**Problem requirements:** Where the line with "Комбинезон одноразовый из" appears below, start writing out lines exactly, and finish with the line with "10月26日上午,山东财经大", which is included; write out nothing else.

(Records from a data collection)
□ □ □ □ □ □ □

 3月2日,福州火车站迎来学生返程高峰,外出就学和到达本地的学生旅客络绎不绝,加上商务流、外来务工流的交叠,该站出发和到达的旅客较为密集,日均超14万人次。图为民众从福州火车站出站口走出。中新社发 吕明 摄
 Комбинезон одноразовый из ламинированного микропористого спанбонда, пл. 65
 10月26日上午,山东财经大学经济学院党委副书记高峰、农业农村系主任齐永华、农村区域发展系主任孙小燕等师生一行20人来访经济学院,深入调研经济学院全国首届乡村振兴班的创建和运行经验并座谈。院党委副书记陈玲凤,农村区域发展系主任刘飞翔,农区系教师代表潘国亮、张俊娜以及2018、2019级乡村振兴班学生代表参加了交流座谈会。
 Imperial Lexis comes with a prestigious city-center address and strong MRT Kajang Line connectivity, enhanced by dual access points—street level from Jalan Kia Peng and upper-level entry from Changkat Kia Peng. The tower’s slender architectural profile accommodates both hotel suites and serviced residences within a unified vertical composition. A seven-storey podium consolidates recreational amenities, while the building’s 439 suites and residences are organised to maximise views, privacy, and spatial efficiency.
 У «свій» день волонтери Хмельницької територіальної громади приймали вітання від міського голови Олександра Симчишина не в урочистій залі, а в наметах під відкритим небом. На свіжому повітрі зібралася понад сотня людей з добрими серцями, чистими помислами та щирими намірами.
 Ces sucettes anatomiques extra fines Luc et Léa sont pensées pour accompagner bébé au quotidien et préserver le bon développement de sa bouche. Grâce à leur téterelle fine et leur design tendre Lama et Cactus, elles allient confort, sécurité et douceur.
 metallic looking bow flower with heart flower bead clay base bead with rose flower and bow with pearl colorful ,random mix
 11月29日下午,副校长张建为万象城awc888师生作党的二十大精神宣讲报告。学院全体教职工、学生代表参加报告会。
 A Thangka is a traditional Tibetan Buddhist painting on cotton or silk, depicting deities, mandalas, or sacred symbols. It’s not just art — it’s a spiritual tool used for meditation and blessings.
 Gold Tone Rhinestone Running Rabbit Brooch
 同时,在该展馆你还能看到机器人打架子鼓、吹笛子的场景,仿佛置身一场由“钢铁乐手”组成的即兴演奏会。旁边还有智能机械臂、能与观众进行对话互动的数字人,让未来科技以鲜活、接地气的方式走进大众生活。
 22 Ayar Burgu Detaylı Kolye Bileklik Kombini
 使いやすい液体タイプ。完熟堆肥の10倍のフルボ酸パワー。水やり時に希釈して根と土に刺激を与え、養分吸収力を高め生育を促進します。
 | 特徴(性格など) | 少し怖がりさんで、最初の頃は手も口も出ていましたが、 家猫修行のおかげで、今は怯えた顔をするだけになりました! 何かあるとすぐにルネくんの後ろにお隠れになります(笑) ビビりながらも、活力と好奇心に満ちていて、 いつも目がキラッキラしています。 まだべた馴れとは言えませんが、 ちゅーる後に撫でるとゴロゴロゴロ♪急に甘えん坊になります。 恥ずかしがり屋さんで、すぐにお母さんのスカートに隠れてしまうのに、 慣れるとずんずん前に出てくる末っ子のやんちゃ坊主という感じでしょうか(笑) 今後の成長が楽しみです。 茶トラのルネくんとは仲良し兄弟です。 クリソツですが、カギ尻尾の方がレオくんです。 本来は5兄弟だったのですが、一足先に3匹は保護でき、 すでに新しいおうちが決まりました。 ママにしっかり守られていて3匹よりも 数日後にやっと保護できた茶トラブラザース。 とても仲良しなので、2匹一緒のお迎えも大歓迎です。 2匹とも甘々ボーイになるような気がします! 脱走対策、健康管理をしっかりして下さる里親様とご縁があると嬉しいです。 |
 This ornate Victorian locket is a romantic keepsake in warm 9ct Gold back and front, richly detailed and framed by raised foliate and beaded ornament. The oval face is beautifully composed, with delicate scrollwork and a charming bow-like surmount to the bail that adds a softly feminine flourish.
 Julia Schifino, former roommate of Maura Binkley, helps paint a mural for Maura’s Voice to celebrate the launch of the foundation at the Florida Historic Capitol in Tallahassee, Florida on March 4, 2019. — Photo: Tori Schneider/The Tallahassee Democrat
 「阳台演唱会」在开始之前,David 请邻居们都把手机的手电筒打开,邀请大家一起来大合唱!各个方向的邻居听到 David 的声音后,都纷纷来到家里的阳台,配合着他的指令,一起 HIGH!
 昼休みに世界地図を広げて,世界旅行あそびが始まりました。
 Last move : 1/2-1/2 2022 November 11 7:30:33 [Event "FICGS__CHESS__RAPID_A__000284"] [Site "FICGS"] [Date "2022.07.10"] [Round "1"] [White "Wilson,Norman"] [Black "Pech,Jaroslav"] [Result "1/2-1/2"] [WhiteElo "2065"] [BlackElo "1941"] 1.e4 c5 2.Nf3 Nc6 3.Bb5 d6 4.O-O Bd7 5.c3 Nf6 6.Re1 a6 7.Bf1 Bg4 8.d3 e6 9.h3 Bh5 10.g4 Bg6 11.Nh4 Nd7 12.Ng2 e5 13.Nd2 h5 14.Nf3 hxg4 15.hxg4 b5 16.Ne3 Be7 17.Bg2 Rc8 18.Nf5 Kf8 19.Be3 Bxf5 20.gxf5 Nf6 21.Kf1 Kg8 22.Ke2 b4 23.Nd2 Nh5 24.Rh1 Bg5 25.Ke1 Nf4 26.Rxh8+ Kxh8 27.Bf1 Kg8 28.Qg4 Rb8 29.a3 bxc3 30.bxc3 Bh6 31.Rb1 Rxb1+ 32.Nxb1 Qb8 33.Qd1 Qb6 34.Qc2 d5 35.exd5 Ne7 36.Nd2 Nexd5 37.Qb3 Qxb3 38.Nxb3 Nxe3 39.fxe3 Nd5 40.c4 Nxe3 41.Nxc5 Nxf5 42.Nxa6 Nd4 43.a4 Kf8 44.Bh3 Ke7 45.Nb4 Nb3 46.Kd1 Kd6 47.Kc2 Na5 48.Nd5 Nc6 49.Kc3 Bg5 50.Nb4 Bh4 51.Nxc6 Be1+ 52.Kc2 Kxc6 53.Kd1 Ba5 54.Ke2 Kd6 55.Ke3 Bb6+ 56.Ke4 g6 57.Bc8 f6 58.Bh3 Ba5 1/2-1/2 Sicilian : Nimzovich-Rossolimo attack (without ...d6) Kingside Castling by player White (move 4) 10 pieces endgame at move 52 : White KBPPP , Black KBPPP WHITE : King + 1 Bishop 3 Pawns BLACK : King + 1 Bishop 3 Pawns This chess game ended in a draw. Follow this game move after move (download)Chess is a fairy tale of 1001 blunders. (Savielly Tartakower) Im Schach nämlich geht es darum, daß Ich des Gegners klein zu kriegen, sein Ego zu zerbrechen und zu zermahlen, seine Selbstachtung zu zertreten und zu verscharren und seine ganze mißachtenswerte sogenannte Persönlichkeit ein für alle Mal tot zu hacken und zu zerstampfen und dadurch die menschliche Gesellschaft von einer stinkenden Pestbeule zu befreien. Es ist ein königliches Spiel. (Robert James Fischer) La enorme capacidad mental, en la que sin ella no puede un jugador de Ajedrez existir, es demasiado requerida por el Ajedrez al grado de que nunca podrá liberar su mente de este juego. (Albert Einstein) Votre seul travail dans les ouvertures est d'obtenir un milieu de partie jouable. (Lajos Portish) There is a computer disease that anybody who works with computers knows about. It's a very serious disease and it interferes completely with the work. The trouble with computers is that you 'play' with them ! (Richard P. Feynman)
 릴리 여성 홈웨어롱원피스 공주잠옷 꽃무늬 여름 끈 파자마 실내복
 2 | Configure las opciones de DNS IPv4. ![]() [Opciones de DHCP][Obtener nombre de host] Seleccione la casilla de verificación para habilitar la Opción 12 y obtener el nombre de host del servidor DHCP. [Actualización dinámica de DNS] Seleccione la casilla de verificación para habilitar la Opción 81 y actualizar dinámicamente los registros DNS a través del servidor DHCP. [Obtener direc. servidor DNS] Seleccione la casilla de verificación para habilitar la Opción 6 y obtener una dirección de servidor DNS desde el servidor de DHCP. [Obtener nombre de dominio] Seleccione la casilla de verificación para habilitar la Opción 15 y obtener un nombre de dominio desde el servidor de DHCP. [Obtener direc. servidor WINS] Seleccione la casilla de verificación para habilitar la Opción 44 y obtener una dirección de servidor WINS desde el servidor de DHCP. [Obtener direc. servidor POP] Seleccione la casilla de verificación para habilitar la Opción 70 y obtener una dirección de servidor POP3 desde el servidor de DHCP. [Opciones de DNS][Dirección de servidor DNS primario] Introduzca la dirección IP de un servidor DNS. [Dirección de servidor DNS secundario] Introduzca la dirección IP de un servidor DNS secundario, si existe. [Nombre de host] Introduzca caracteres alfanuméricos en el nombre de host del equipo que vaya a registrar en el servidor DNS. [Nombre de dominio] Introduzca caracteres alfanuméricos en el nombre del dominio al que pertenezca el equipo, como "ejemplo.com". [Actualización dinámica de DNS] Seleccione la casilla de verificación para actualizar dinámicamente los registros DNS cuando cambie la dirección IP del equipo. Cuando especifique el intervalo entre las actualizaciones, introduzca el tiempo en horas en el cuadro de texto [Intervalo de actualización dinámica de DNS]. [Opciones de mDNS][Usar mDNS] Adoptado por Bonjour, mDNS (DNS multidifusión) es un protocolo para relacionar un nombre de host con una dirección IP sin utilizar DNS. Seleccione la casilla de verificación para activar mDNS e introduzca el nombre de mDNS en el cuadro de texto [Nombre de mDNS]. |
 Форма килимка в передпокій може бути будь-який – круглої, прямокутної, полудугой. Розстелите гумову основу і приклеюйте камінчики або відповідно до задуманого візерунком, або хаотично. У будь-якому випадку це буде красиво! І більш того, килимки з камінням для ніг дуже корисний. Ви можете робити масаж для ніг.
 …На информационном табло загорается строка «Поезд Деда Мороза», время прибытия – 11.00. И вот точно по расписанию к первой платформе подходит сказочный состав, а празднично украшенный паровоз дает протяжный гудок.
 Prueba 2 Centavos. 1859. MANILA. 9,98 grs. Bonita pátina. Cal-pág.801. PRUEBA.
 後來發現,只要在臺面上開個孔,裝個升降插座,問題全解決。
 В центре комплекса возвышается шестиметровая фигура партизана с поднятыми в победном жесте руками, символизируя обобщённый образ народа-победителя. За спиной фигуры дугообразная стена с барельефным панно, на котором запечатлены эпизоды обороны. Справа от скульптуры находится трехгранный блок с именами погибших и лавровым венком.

□ □ □ □ □ □ □

**Response:**
 Комбинезон одноразовый из ламинированного микропористого спанбонда, пл. 65
 10月26日上午,山东财经大学经济学院党委副书记高峰、农业农村系主任齐永华、农村区域发展系主任孙小燕等师生一行20人来访经济学院,深入调研经济学院全国首届乡村振兴班的创建和运行经验并座谈。院党委副书记陈玲凤,农村区域发展系主任刘飞翔,农区系教师代表潘国亮、张俊娜以及2018、2019级乡村振兴班学生代表参加了交流座谈会。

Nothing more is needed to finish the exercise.